JPL, meet PDF.
While NASA's Jet Propulsion Laboratory (JPL) is renowned for piloting rovers on Mars and deploying spacecraft to study planets in the solar system, JPL's latest project is more down-to-earth: assembling the world's largest publicly available archive of PDFs for security research.
PDF files are the most popular form of digital document in the world. And while they might look like scanned copies of paper documents, they are actually collections of text, images, movies and active scripts that aren't as secure as they should be given their ubiquity. To address this concern, JPL has partnered with the nonprofit PDF Association to develop the new archive of files that will help researchers analyze potential threats across a wide library of real PDFs.

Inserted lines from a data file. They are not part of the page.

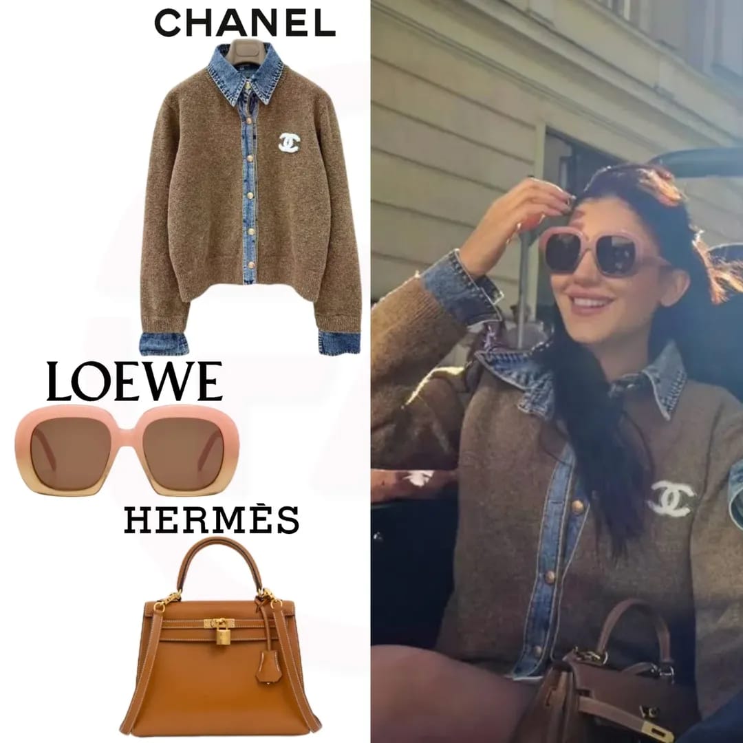 القطعة المركزية في هذه الإطلالة هي سترة (Cardigan) من دار Chanel، والتي تأتي بتصميم مبتكر يدمج بين الصوف البني الناعم وتفاصيل "الدنيم" (الجينز) عند الياقة، الأطراف، وخط الأزرار. هذا الدمج يمنح القطعة طابعاً حيوياً يكسر جمود الصوف التقليدي، مع الحفاظ على بصمة الدار العريقة من خلال شعار "CC" المزدوج الذي يزين الصدر، مما يجعلها قطعة استثمارية مثالية تجمع بين الدفء والأناقة.
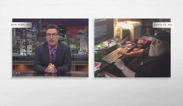 George RR Martin "muestra" a John Oliver una página de su libro Vientos de Invierno
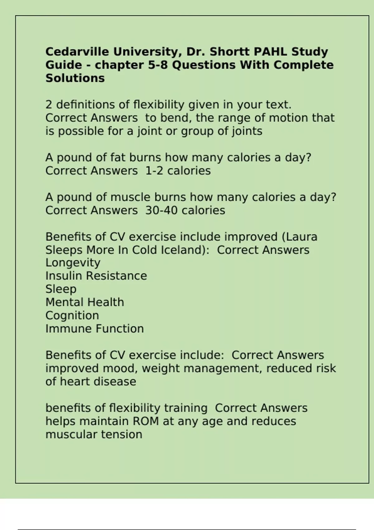 Cedarville University, Dr. Shortt PAHL Study Guide - chapter 5-8 Questions With Complete Solutions
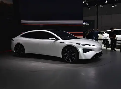 量产车型在保留流畅、动感整体轮廓的同时,出于实用性考量,并未采用概念车的对开门设计,而是回归传统样式。整车线条极为流线,突出了低风阻的工程导向。细节上,车头配备了激光雷达,并采用了半隐藏式门把手。
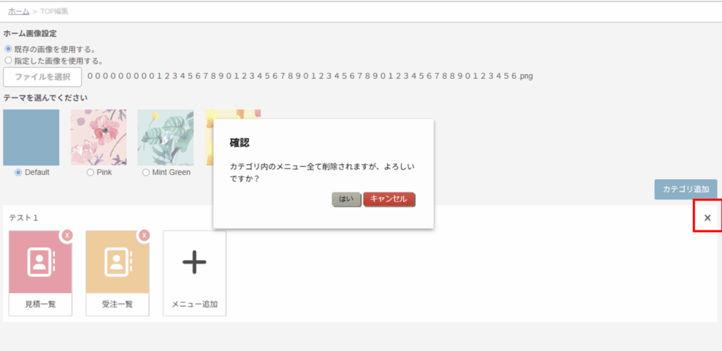 ただし、カテゴリに画面が設定されている状態で、カテゴリごと削除する場合は確認メッセージが表示されますのでご確認ください。
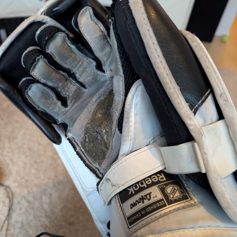 Maalivahdin kilpi. Koko Sr. Levy ehjä. Hanskasta pinta kulunut puhki, mutta ei läpi. Käytön jälkiä ja kulumista löytyy mutta kunto hyvä. Pelattu höntsälätkää. Koiratalous. MMM
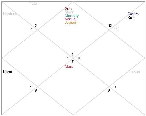 | Rahu | 5 Virgo 57 | 24 Pisces 59 | 29 Leo 36 |
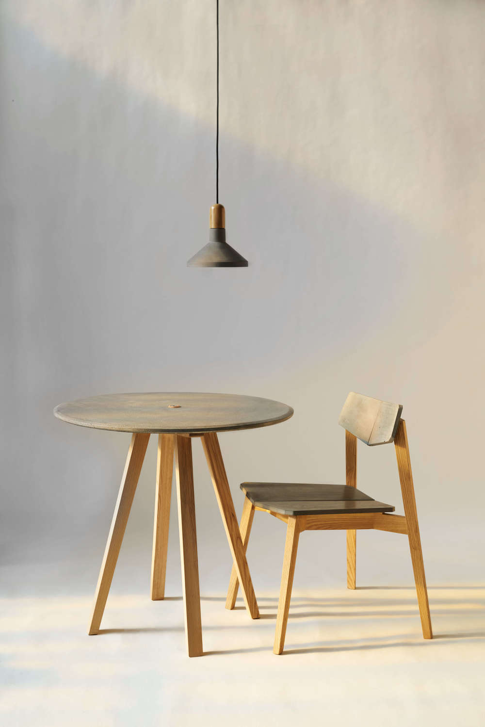木材与榫,古老的材料传统的工艺;水泥与螺丝,现代工业文明发展不可或缺的载体。它们的碰撞演绎着新的可能。 以榫结构将凳子腿链接,并形成十字托架支撑水泥面板,最后通过螺丝紧固并紧压榫托架,化解了可拆卸榫长时间使用所带来的磨损与松动,结实耐用。

The project involves assembling roughly 8 million PDFs totaling more than 8TB of data from various online sources. The effort is a part of a Defense Advanced Research Projects Agency (DARPA) initiative called Safe Documents (SafeDocs), which aims to make digital documents safe from malicious code and other security concerns.
"PDFs are used everywhere and are important for contracts, legal documents, 3D engineering designs, and many other purposes," Tim Allison, a JPL data scientist, said in a statement. "Unfortunately, they are complex and can be compromised to hide malicious code or render different information for different users in a malicious way." To confront these and other challenges from PDFs, a large sample of real-world PDFs needs to be collected from the internet to create a shared, freely available resource for software experts."
Using the freely available Common Crawl public repository of web crawl information as a starting point, JPL researchers identified PDFs to add to the collection, including those that were incomplete due to Common Crawl's download limit of 1 megabyte per downloaded file. JPL then accessed those PDF URLs directly to download the full documents, ensuring a fully representative archive of the types of PDFs accessible on the web.
By making the collection available to the public, JPL hopes researchers will be able to use and analyze the PDFs to identify better ways of securing the information these documents contain.